[Start of section]

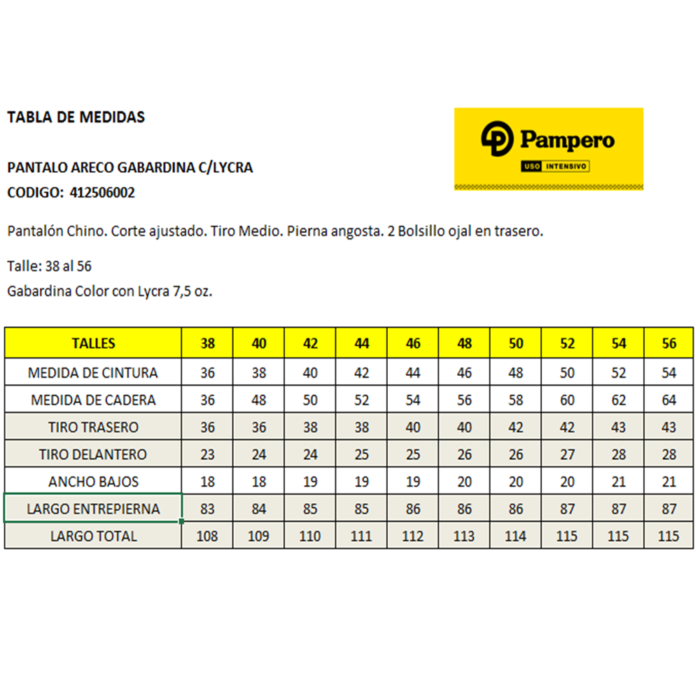 PANTALON CANDELARIA GABARDINA C/LYCRAMUJER – PAMPERO
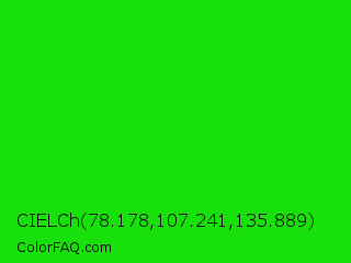 CIELCh 78.178,107.241,135.889 Color is a normal green color and the nearest color is Green #00ff00. Hex code #17e00a and RGB value is rgb(23,224,10). In RGB color space, this color is composed of 9% red, 88% green, 4% blue, In CMYK color space, this color is composed of 90% cyan, 0% magenta, 96% yellow , 12% black , In HSL color space, this color has a hue angle of 116° , 91% saturation and 46% lightness.
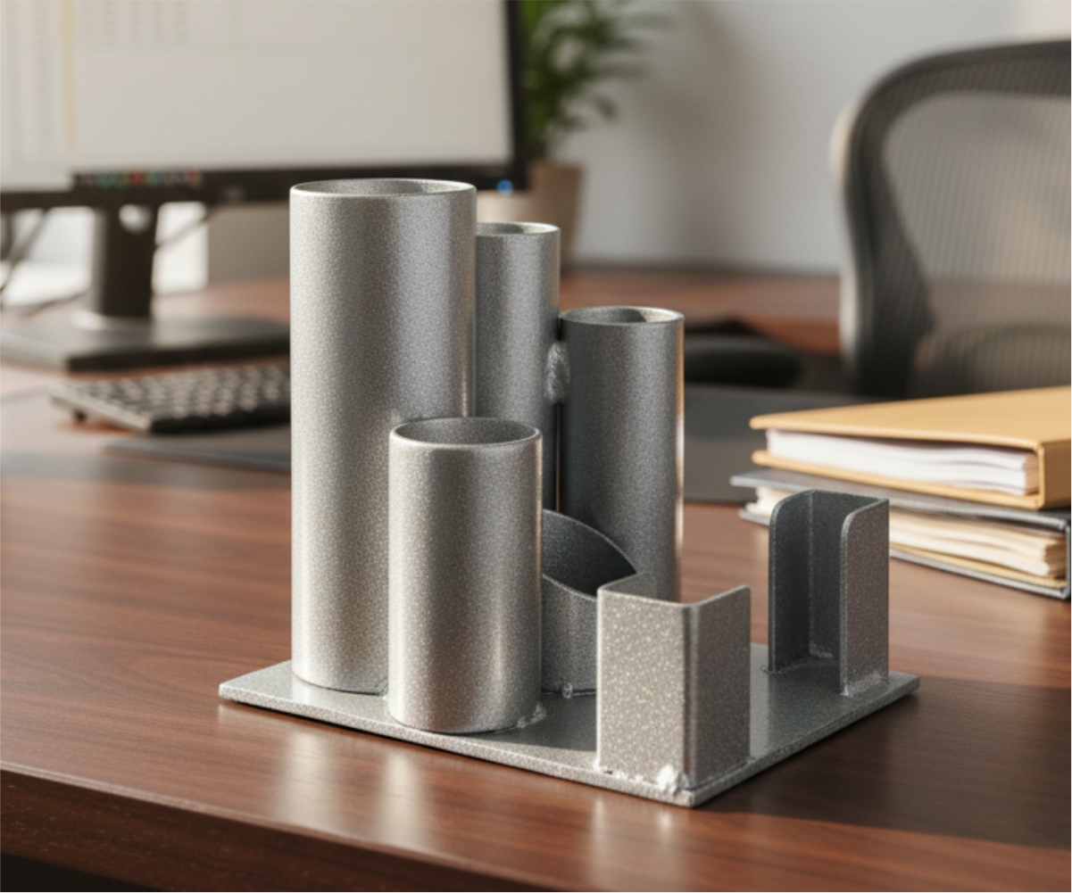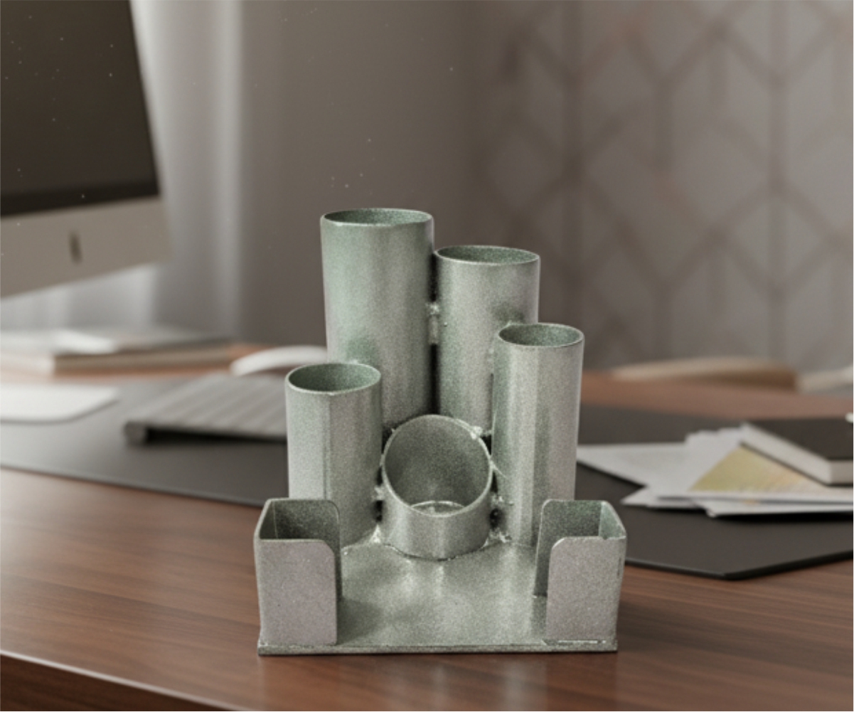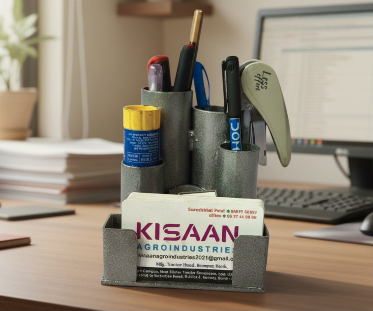 Keep your workspace clutter-free with this durable metal desk organizer by Kisaan Enterprise. Designed with multiple cylindrical holders of varying sizes, it provides ample space to store pens, pencils, markers, scissors, and other stationery essentials.

[End of section]

WHAT THE EXERCISE ASKS>
From the first line to the last, copy the listing above exactly and leave out the images.

RESPONSE TO THIS EXERCISE>
 PANTALON CANDELARIA GABARDINA C/LYCRAMUJER – PAMPERO
 CIELCh 78.178,107.241,135.889 Color is a normal green color and the nearest color is Green #00ff00. Hex code #17e00a and RGB value is rgb(23,224,10). In RGB color space, this color is composed of 9% red, 88% green, 4% blue, In CMYK color space, this color is composed of 90% cyan, 0% magenta, 96% yellow , 12% black , In HSL color space, this color has a hue angle of 116° , 91% saturation and 46% lightness.
 Keep your workspace clutter-free with this durable metal desk organizer by Kisaan Enterprise. Designed with multiple cylindrical holders of varying sizes, it provides ample space to store pens, pencils, markers, scissors, and other stationery essentials.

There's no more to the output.